According to the allegations of Count A, the misrepresentation of the capacity of the tank was the misrepresentation of a material fact; the tank was the property of defendant and was used by plaintiff, with defendant's knowledge and consent, to deliver petroleum products under an agreement between plaintiff and defendant's agent. We think these allegations sufficient to show that the alleged misrepresentation was made to be relied upon by plaintiff and as an inducement to plaintiff, and that plaintiff did, in making delivery of petroleum products, rely on the representation to his injury. Accordingly, we hold that the demurrer to Court A was overruled without error.

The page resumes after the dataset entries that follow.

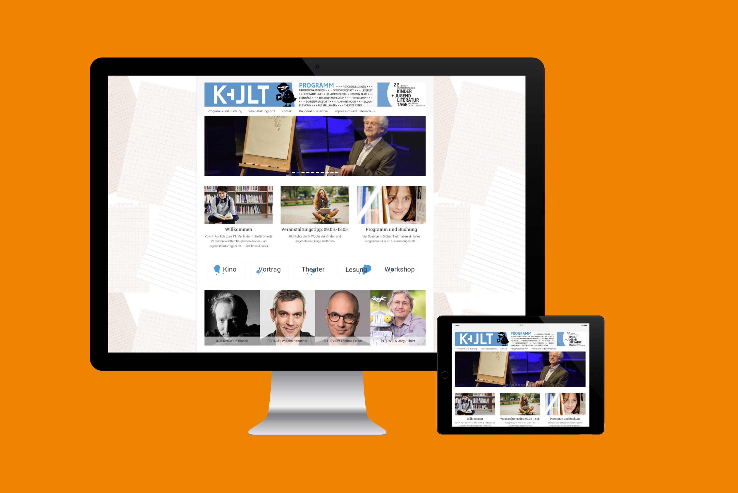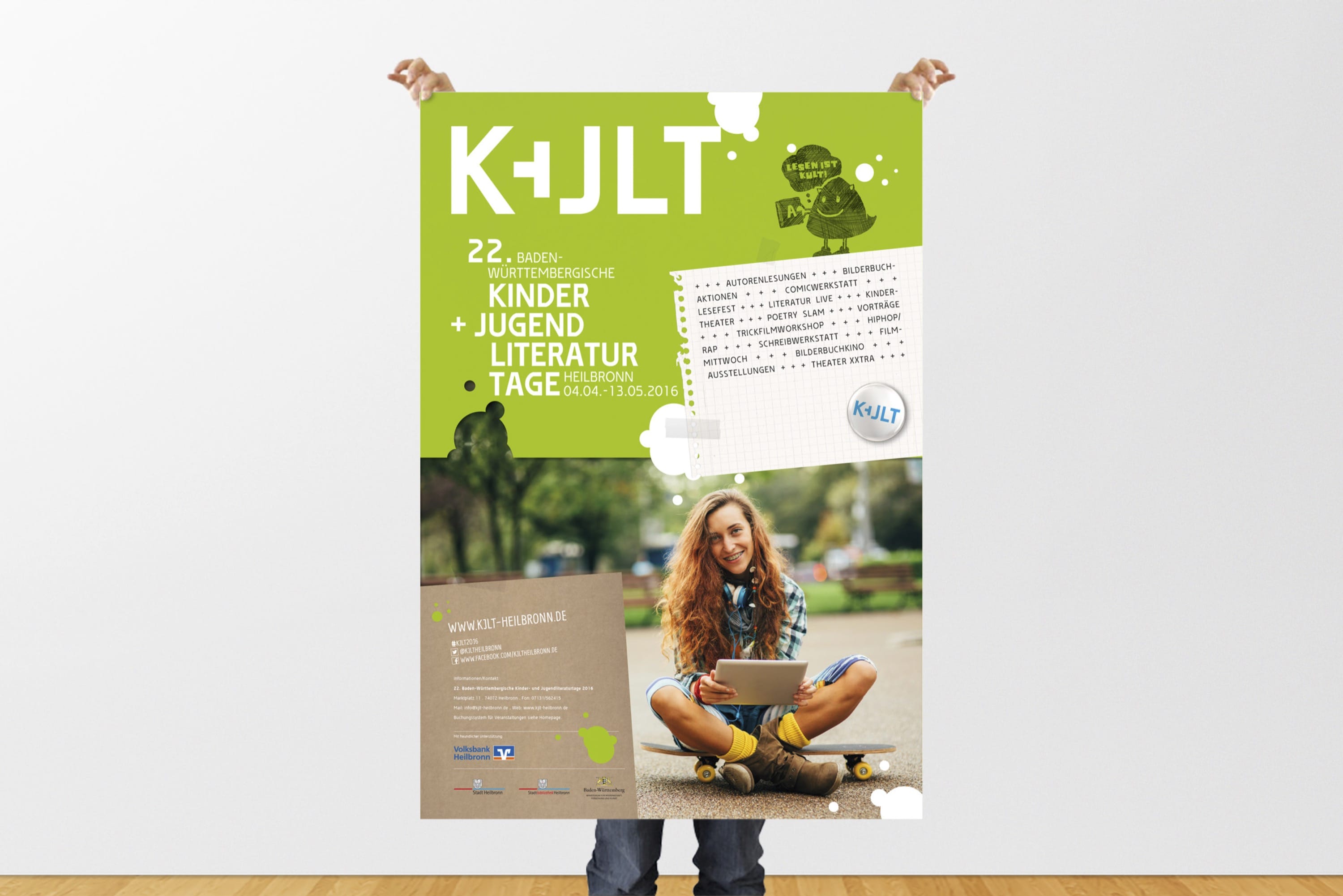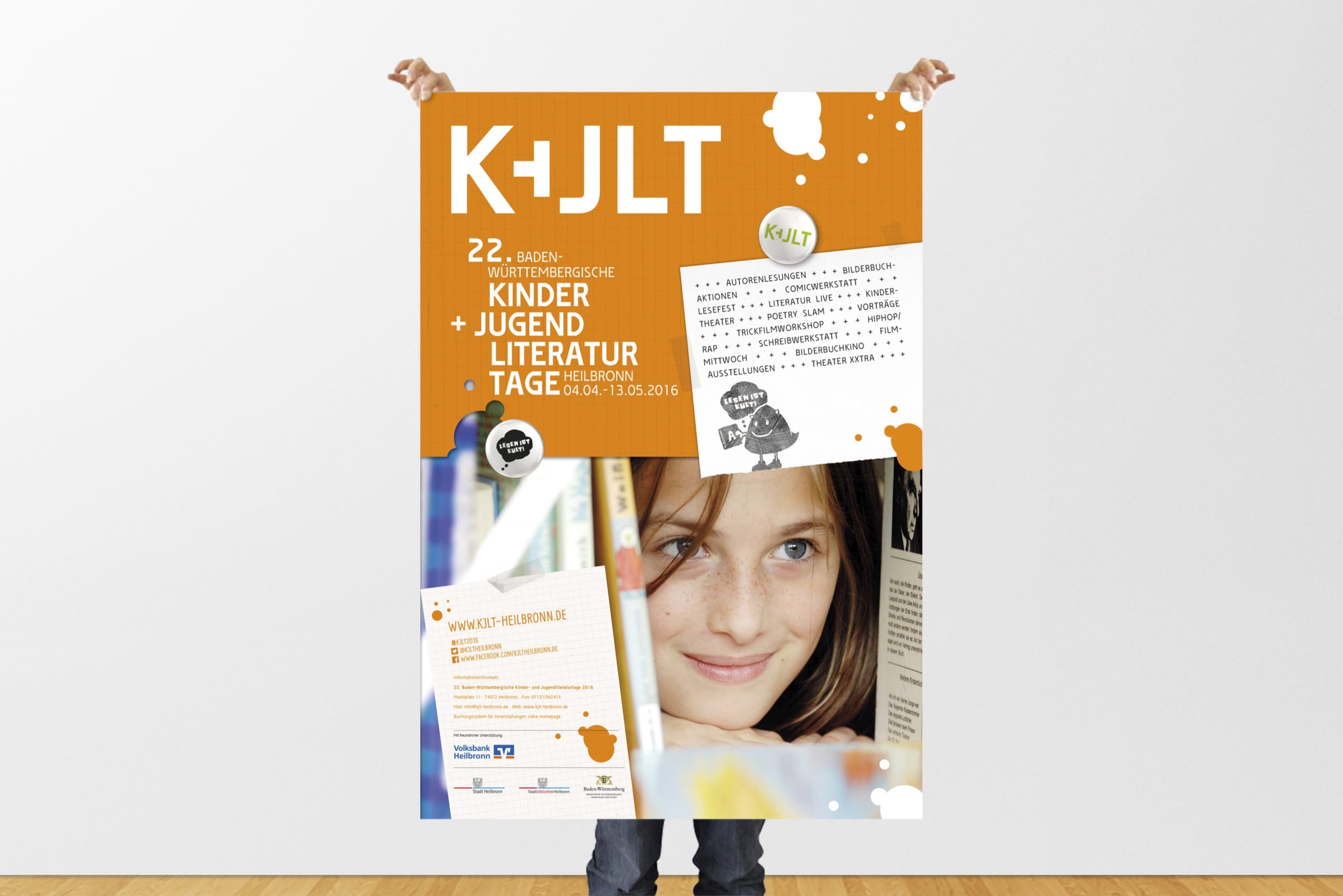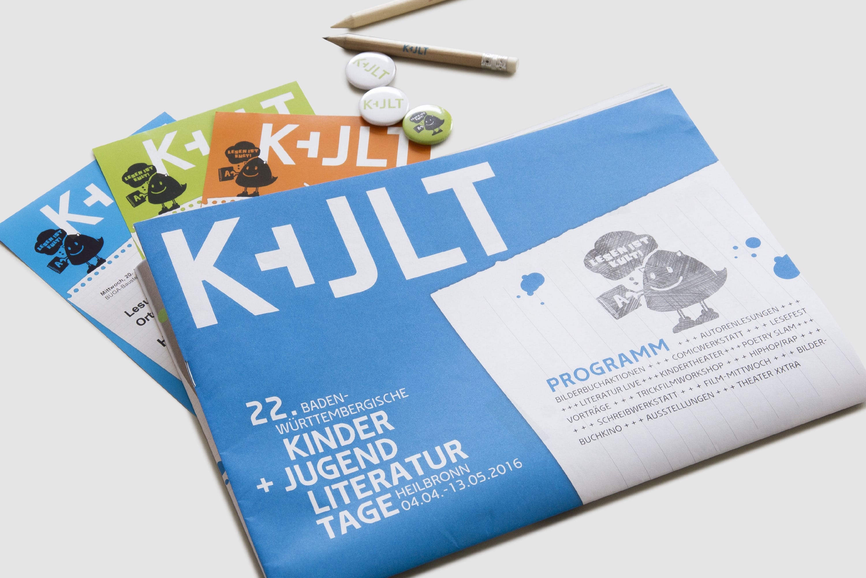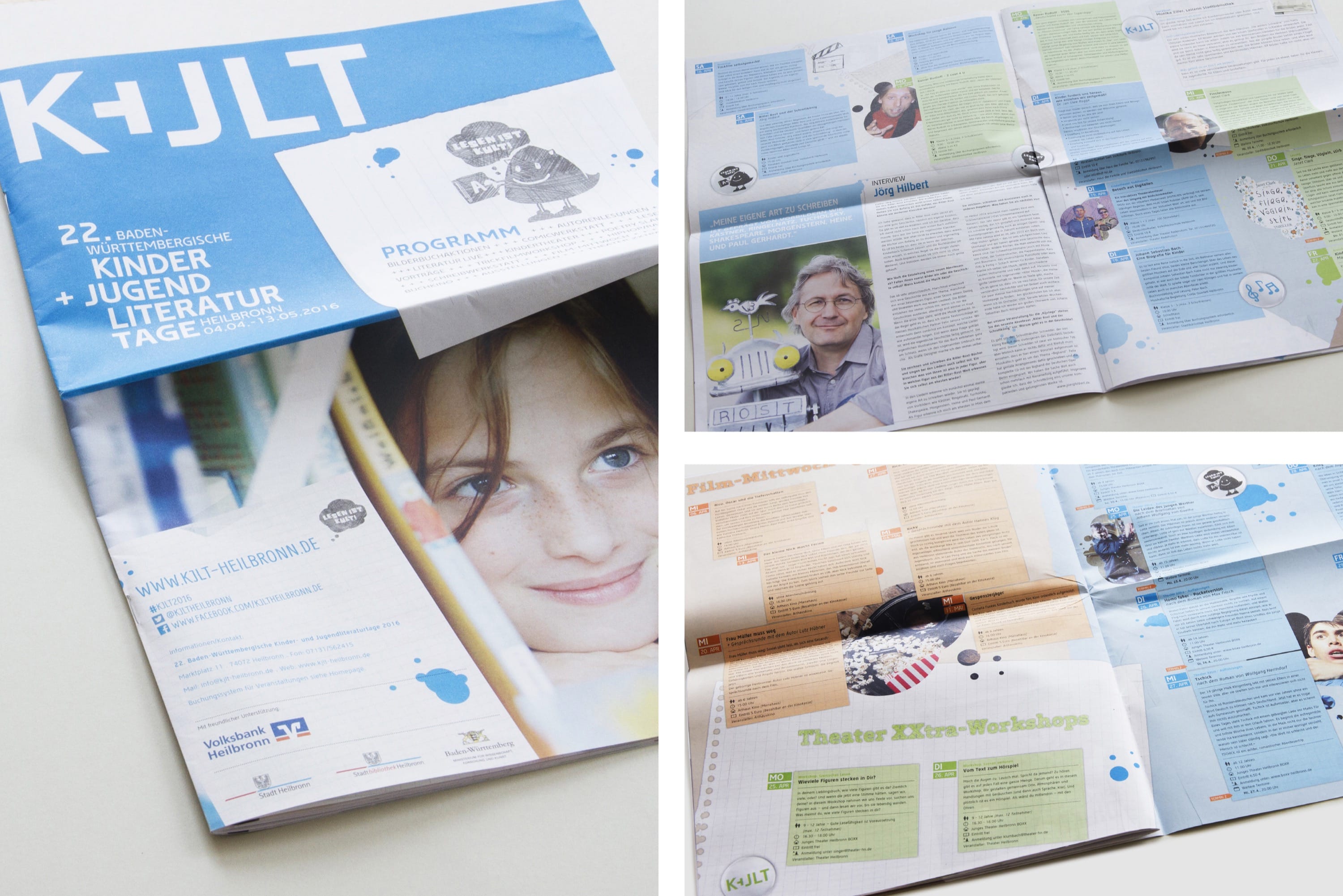 Corporate Design, Logo, Printmedium, WebkonzeptDie 22. Baden-Württembergischen Kinder- und Jugendliteraturtage fanden 2016 in Heilbronn statt. Nach einem Ideenwettbewerb mit Entwicklung Logo und Sympathiefigur im Jahr zuvor durfte gruppe sepia an die Entwicklung des Erscheinungsbildes gehen. Programmheft, Plakate, Homepage und die Erstellung einer ganzen Reihe von Werbemitteln standen auf der To-Do-Liste. Die Entwicklung erfolgte im engen Schulterschluss mit dem Schul-, Kultur- und Sportamt der Stadt Heilbronn. http://kjlt-heilbronn.de
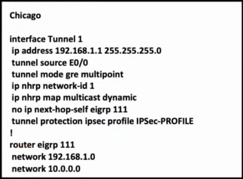 After the configuration, the LA router receives all the NewYork routes, but NewYork router does not receive any LA routes. Which set of configurations fixes the problem on the Chicago router?
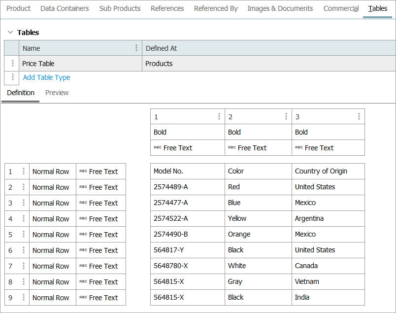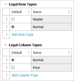 - The table type has at least one legal column type and one legal row type. If the table type uses more than one row type or column type, a default type must be specified for each.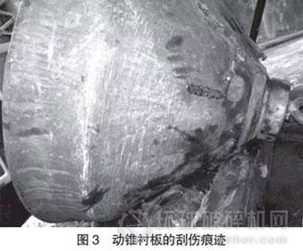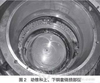 ?。?)有金屬物、木塊和橡皮等異物進入破碎腔,導(dǎo)致2號動錐在旋轉(zhuǎn)時受力不均勻,發(fā)生嚴(yán)重偏斜,傾斜角度超過允許的最大值,造成動錐上銅套直接與碗形瓦的鋼支架發(fā)生硬性碰撞,使動錐上銅套磨損,進而使動錐下銅套與偏心套的間隙縮小。

To the complaint, defendant pleaded the general issue; that plaintiff consented to the injuries for which damages are claimed; estoppel; the statutes of limitation of one, three, and six years; and the statute of limitation of one year from the date of discovery of the fact alleged to constitute fraud, § 42, Title 7, Code 1940, which recites:

' § 42. In actions seeking relief on the ground of fraud where the statute has created a bar, the cause of action must not be considered as having accrued until the discovery by the aggrieved party of the fact constituting the fraud, after which he must have one year within which to prosecute his suit.'

The court overruled plaintiff's demurrers to all pleas except the plea of estoppel, Plea 4. The court sustained plaintiff's demurrer to Plea 4 and this ruling is Assignment 9. Plea 4 recites:

'PLEA FOUR

'The monies alleged to have been paid to the Defendant were paid by the Plaintiff, more than 6 years prior to the filing of this suit upon the representation to the Defendant by the Plaintiff that the Plaintiff had misappropriated for his own use an equivalent amount of funds and gasoline, the property of Defendant, and that such misappropriations had been deliberately concealed from the Defendant through the reporting of fictitious inventories to the Defendant and by the transmission of checks by the Plaintiff to the Defendant, for which Plaintiff knew there were no funds on deposit in the bank upon which the checks were drawn at the time such checks were sent to the Defendant. The Defendant further avers that the amount of monies paid De...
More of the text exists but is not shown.